In the pcap file under bsc dir (GSMTAP+RSL), it can be seen that BSC starts paging the BTS, but eventually it expires (T3113) due to no Paging Response from MS. But immediately after (few ms later) the Paging Response arrives, but then it finds no subscriber (probably removed due to T3113 expiration.
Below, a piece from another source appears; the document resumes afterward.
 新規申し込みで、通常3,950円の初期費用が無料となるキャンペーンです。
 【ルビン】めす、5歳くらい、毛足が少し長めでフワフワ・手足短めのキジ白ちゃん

Then, nothing is communicated towards the MS (not sure what should be sent in that case, but I suspect the MS expects the BSC to do next step).

20181102063651613 DPAG <0005> paging.c:90 (bts=0) Going to send paging commands: imsi: 901700000015252 tmsi: 0x314b6ebe for ch. type 0 (attempt 16)
20181102063651613 DLMI <0017> input/ipaccess.c:356 TX 2: 0c 15 01 90 0e 02 0c 05 f4 31 4b 6e be 28 00
20181102063652114 DPAG <0005> paging.c:90 (bts=0) Going to send paging commands: imsi: 901700000015252 tmsi: 0x314b6ebe for ch. type 0 (attempt 17)
20181102063652114 DLMI <0017> input/ipaccess.c:356 TX 2: 0c 15 01 90 0e 02 0c 05 f4 31 4b 6e be 28 00
20181102063652190 DLMI <0017> input/ipaccess.c:251 RX 2: 0c 12 01 90 0f 00 c7
20181102063652615 DPAG <0005> paging.c:90 (bts=0) Going to send paging commands: imsi: 901700000015252 tmsi: 0x314b6ebe for ch. type 0 (attempt 18)
20181102063652615 DLMI <0017> input/ipaccess.c:356 TX 2: 0c 15 01 90 0e 02 0c 05 f4 31 4b 6e be 28 00
20181102063653097 DPAG <0005> paging.c:281 T3113 expired for request 0x611000000e60 (IMSI:901700000015252)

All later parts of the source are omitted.